While other states – including Pennsylvania, Oklahoma, Wyoming, Ohio,
and Colorado – have considered a similar measure to this ALEC (American
Legislative Exchange Council) model bill, Louisiana was the only one to
fully enact it. The bill designates pipelines as “critical
infrastructure,” equivalent to public ports and transportation such as
railroads, and public utilities like electric power generating stations
and water treatment facilities. The “construction” of pipelines is now
included in that definition.
And it makes “unauthorized entry,” also known as trespassing and
formerly classified as a misdemeanor, onto the property of one of these
facilities a felony, punishable by up to five years in prison. If more
than one person is involved in the planning or commission of such an
offense, it becomes a “conspiracy,” punishable by up to 12 years and a
$250,000 fine.
Even though sections were added to the law declaring it was in no way
to apply to “lawful and peaceful assembly or demonstration” or
“recreational activities conducted in the open around a pipeline, such
as boating” (nor to “prevent the owner of a property form exercising
right of ownership, including use”), thirteen people have been arrested
and charged with felonies under this law since it went into effect on
Aug. 1.
I will admit, though, I did chuckle this morning at the Bayou Brief somehow leaving out any mention of Edwards with regard to this heinous law he signed. The same article also talks about the out of state private security contractors Hilliard Heintze, and Athos Group, ETP has brought in to harass and surveil its adversaries. But it does not see fit to mention that those companies are only able to operate in Louisiana
because Governor Edwards chose to allow it. For all the good reporting that gets done over at Bayou Brief, it's remarkable how consistent they are at covering for certain politicians with whom they are friendly. Mary Landrieu's role in promoting the pipeline is also not mentioned there. In fact, looking through the (again, quite good for the most part)
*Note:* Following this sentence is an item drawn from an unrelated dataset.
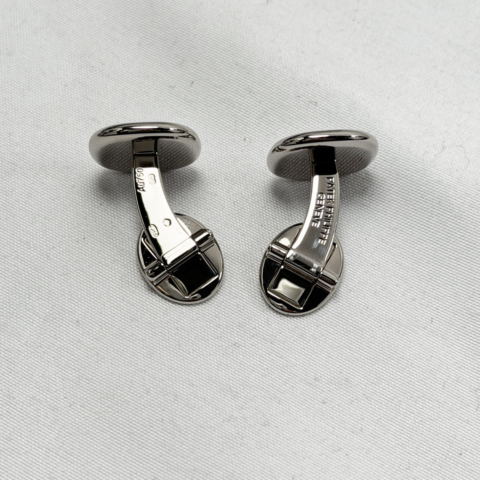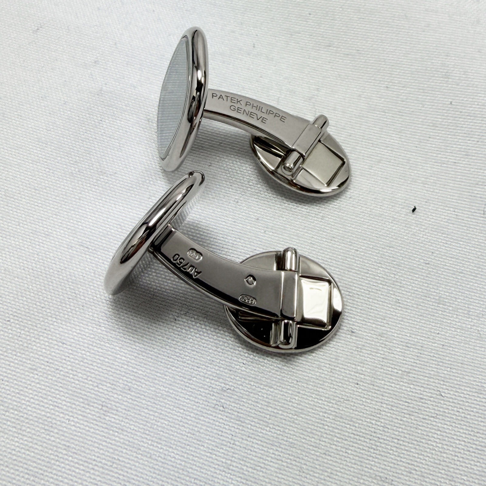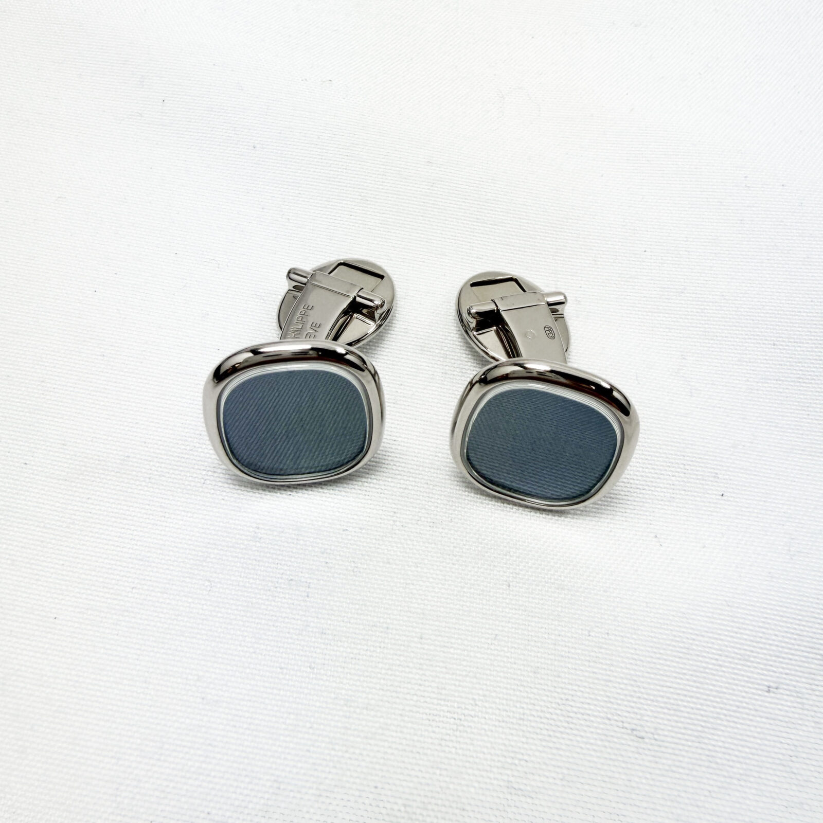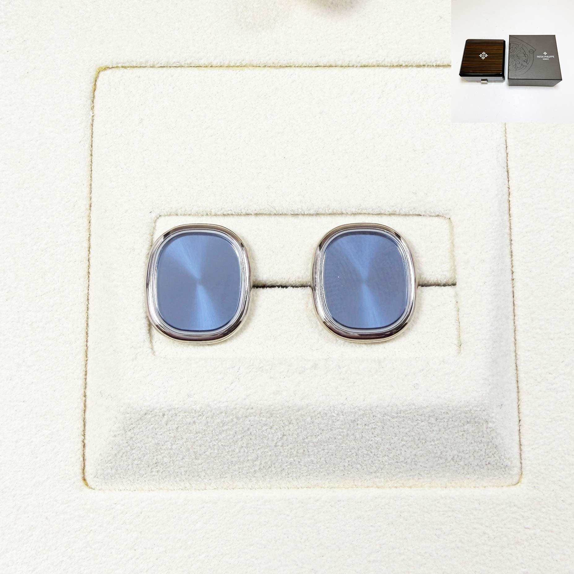 These Patek Philippe cuff links come with their original box. The photos shown are of the exact item being sold and accurately represent its condition. This item is in stock and ready to ship immediately!

environmental reporting at the Bayou Brief, the reader is extremely hard pressed to find much criticism of Landrieu, or Edwards, or John Breaux, or even Chris John who
until this month was the head of the Louisiana Mid-Continent Oil and Gas Association for a decade. I know these political figures all have something in common. What is it?
Maybe that's a bit beside the point, but I do think it's a key reason we aren't going to fix the climate problem. If we are unable to recognize the complicity of those who exercise power, if we are unwilling even to name the culprits even as they profit by our distress, how can we even begin to protect ourselves from them?
Obviously, we can't and we won't. We aren't going to fix the climate problem. It's
like Bob Marshall says here, the game is up with regard to all of that.
I’ve been watching the growth of this suicidal
approach to the crisis through my Google alert for sea level rise, which
daily sends news stories on that topic to my email account. And almost
every day there are one or more stories about cities or states in the
GOP column seeking grants from the federal government to “adapt” to
problems already being caused by climate change, or others they see
rushing toward them. They might want levees, floodwalls, elevated roads,
rebuilt beaches, or the planning studies for guidance on what to do as
the temperature and the water continue to rise.
But
even as they now admit global warming is happening, they continue to
elect congressional delegations who oppose any regulations that would
reduce the emissions that are driving warming. They think it makes sense
for a nation that has already
lost $350 billion in the last decade
to extreme weather events and fires linked to global warming to spend
hundreds of millions more to “adapt” to these threats – without doing
anything to prevent the disasters from happening again.
In other words, surrender, don’t fight back.
Marshall is trying to make a rhetorical point about "conservatism" here but this sort of thing is hardly limited to Republicans. Democrats in New Orleans have been selling "
resilience" and the various grifts and scams associated with that similarly fatalist philosophy for years now. Disaster capitalism is bipartisan.